$$ \require{cancel} \newcommand{\given}{ \,|\, } \renewcommand{\vec}[1]{\mathbf{#1}} \newcommand{\vecg}[1]{\boldsymbol{#1}} \newcommand{\mat}[1]{\mathbf{#1}} \newcommand{\bbone}{\unicode{x1D7D9}} $$

The Course

Welcome to the Data Science and Statistical Computing module (MATH2687) on the 2nd year undergraduate programme at Durham University.

If you want to get to these notes quickly without having to navigate via Durham Ultra, simply bookmark this page (or remember the shortcut URL https://www.louisaslett.com/dssc). There are common administrative questions that crop up, so I have created a Frequently Asked Questions (FAQ) page in the appendix: please check here first to see if your question is answered. If it is not, then please email me.

These notes will update as the course progresses, so check back each week! At the moment, this is just a welcome page, but additional chapters will appear as we work through the course.

In order to analyse real world problems involving data, we need not only a methodological and theoretical knowledge of statistics, but also to develop strong computational thinking and skills. This course has a lecture component introducing computational statistics, and a slightly larger practical component introducing the modern programming environments and tools used extensively by statisticians, data scientists and machine learners in both academia and industry.

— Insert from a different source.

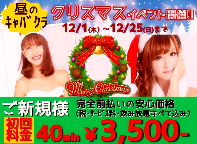 JUGEMテーマ:京都 キャバクラ情報 *<(*^-‘)ノ★Merry Christmas★ヽ(^-゜*)>* ☆;:*:;☆;:*:;☆☆;:*:;☆;:*:;☆☆;:*:;☆;:*:;☆ こんにちは!! ムーンライトスタッフです。 いよいよクリスマスシーズン到来ですね! ムーンライトでは昼の部限定でクリスマスキャンペーンとして 超お得な価格をご用意致しました。 *☆:;;:・:;;:*。゜:.・:゜。*:;;:・:;;:☆* この機会に是非、ムーンライトで楽しい時間をお過ごし下さい。 ご来店お待ちしておりま...

The component on computational statistics introduces sampling methodology and Monte Carlo methods, which underpin many aspects of modern Bayesian statistics and statistical machine learning. The unusual name, “Monte Carlo”, is a reference to the famous Monte Carlo Casino in Monaco: it was chosen by the pioneers of the field because of the need for a code name for the work, which was part of the secret development of the atomic bomb at Los Alamos during the second world war. The course starts with basic principles of finite sampling and the bootstrap, a technique that enables us to loosen the assumptions underlying many statistical methods by deploying computer power. Attention then turns to sampling from probability distributions, a method which enables bypassing the usually intractable integrals encountered in many parts of statistics by appealing to convergence of random sample averages rather than using complex algebra or naive grid based methods (like Simpson’s rule).

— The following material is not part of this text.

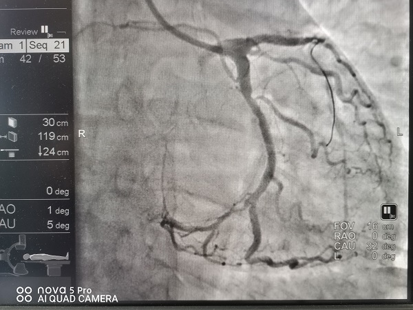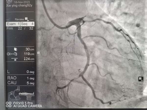 宜春学院第一附属医院 万载县人民医院心血管科涂小明主任正在总查房,突然收到胸痛中心远程会诊提示,原来是经过胸痛中心培训的黄茅镇卫生院医生首诊之后已完成了心电图检查并确诊了急性心肌梗死,然后发出了远程胸痛病人预警,涂小明主任根据心电图结果再次确诊后立即启动介入导管待命,09:30救护车进入我院大门后绕行我院急诊科及心血管科直达导管室,手术人员紧密合作,消毒、铺巾、穿刺桡动脉、造影、进指引导管、09:46过导丝,D2B(D2W)时间仅16分钟!创造了我院介入导管室抢救急性心肌梗死新的记录!

The practical component happens via computer labs and will centre around the R programming language. R, together with a host of related software, provides an incredibly powerful toolset for data science. Starting from first principles, the language will be introduced, moving quickly on to learn the modern packages which enable rapid data manipulation, visualisation (including interactive and 3D visualisations), modelling, report building and construction of interactive dashboards to present data in a compelling fashion. Together, the ability to use all these tools will be a complement to your theoretical and methodological statistics courses, invaluable preparation for applied final year projects and provide skills that are used by and sought after in industry.

Course structure

The mathematical component of the course, covering computational statistics, will be delivered via 1 lecture per week and 1 tutorial every other week, together with occasional formative assignments during the term. The data science component of the course will be delivered via 2 practical class hours: one of these is a lecture style; whilst the other is a traditional small group practical with detailed problems to work through and someone available to answer questions.

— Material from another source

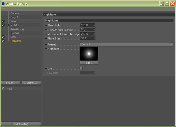 Just as with the glow, add a Highlights effect from the Effects menu button. In the settings, raise the Threshold value to around 150%, and then lower the Maximum Flare Intensity and the Flare Size values as shown. This is to prevent the final render appearing blown-out. Finally, choose a presets that you like or you could even create your own using the Edit button. We’re now ready to render!

You will see these notes are split into parts on the left as follows:

  • Part I Computational Statistics: these are the notes that go with the main mathematics lectures.
  • Part II R Programming: these are the slides that relate to the programming lectures.
  • Part III Practical Labs: these are the exercise sheets for the hands-on programming practicals.
  • Part IV Tutorials: these are the tutorial sheets for the mathematical part of the module. Solutions will be posted after all tutorial groups have taken place.

R + RStudio

We will be using the statistician’s favourite tool, R (pronounced like the letter, not an enthusiastic pirate 🏴‍☠️!)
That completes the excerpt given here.